I am trying to learn assembly language as a hobby and I frequently use gcc -S
to produce assembly output. This is pretty much straightforward, but I fail to compile the assembly output. I was just curious whether this can be done at all. I tried using both standard assembly output and intel syntax using the -masm=intel
. Both can't be compiled with nasm
and linked with ld
.
Therefore I would like to ask whether it is possible to generate assembly code, that can be then compiled.
To be more precise I used the following C code.
>> cat csimp.c
int main (void){
int i,j;
for(i=1;i<21;i++)
j= i + 100;
return 0;
}
Generated assembly with gcc -S -O0 -masm=intel csimp.c
and tried to compile with nasm -f elf64 csimp.s
and link with ld -m elf_x86_64 -s -o test csimp.o
. The output I got from nasm reads:
csimp.s:1: error: attempt to define a local label before any non-local labels
csimp.s:1: error: parser: instruction expected
csimp.s:2: error: attempt to define a local label before any non-local labels
csimp.s:2: error: parser: instruction expected
This is most probably due to broken assembly syntax. My hope is that I would be able to fix this without having to manually correct the output of gcc -S
Edit:
I was given a hint that my problem is solved in another question; unfortunately, after testing the method described there, I was not able to produce nasm
assembly format.
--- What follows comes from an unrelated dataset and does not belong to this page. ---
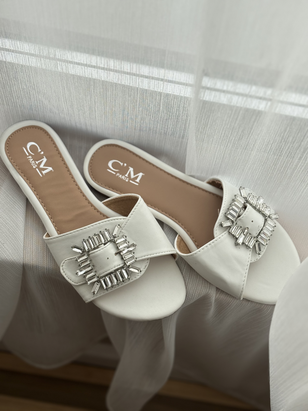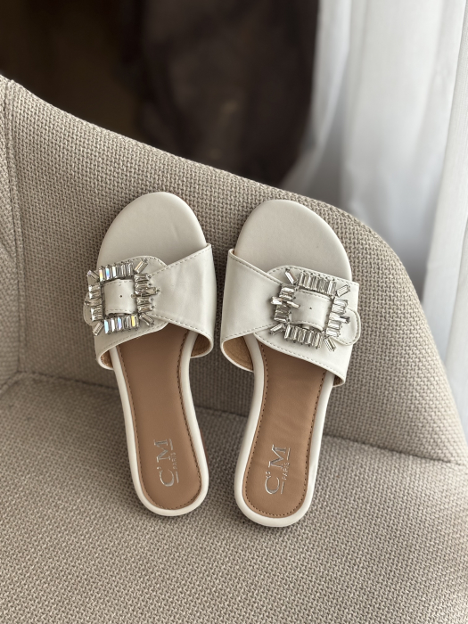 Papuci damă albi cu detaliu strălucitor – eleganță și rafinament pentru orice ocazie

You can see the output of objconv
below.
Therefore I still need your help.
>>cat csimp.asm
; Disassembly of file: csimp.o
; Sat Jan 30 20:17:39 2016
; Mode: 64 bits
; Syntax: YASM/NASM
; Instruction set: 8086, x64
global main: ; **the ':' should be removed !!!**
SECTION .text ; section number 1, code
main: ; Function begin
push rbp ; 0000 _ 55
mov rbp, rsp ; 0001 _ 48: 89. E5
mov dword [rbp-4H], 1 ; 0004 _ C7. 45, FC, 00000001
jmp ?_002 ; 000B _ EB, 0D
?_001: mov eax, dword [rbp-4H] ; 000D _ 8B. 45, FC
add eax, 100 ; 0010 _ 83. C0, 64
mov dword [rbp-8H], eax ; 0013 _ 89. 45, F8
add dword [rbp-4H], 1 ; 0016 _ 83. 45, FC, 01
?_002: cmp dword [rbp-4H], 20 ; 001A _ 83. 7D, FC, 14
jle ?_001 ; 001E _ 7E, ED
pop rbp ; 0020 _ 5D
ret ; 0021 _ C3
; main End of function
SECTION .data ; section number 2, data
SECTION .bss ; section number 3, bss
Apparent solution:
I made a mistake when cleaning up the output of objconv
. I should have run:
sed -i "s/align=1//g ; s/[a-z]*execute//g ; s/: *function//g; /default *rel/d" csimp.asm
All steps can be condensed in a bash
script
#! /bin/bash
a=$( echo $1 | sed "s/\.c//" ) # strip the file extension .c
# compile binary with minimal information
gcc -fno-asynchronous-unwind-tables -s -c ${a}.c
# convert the executable to nasm format
./objconv/objconv -fnasm ${a}.o
# remove unnecesairy objconv information
sed -i "s/align=1//g ; s/[a-z]*execute//g ; s/: *function//g; /default *rel/d" ${a}.asm
# run nasm for 64-bit binary
nasm -f elf64 ${a}.asm
# link --> see comment of MichaelPetch below
ld -m elf_x86_64 -s ${a}.o
Running this code I get the ld
warning:
ld: warning: cannot find entry symbol _start; defaulting to 0000000000400080
The executable produced in this manner crashes with segmentation fault message. I would appreciate your help.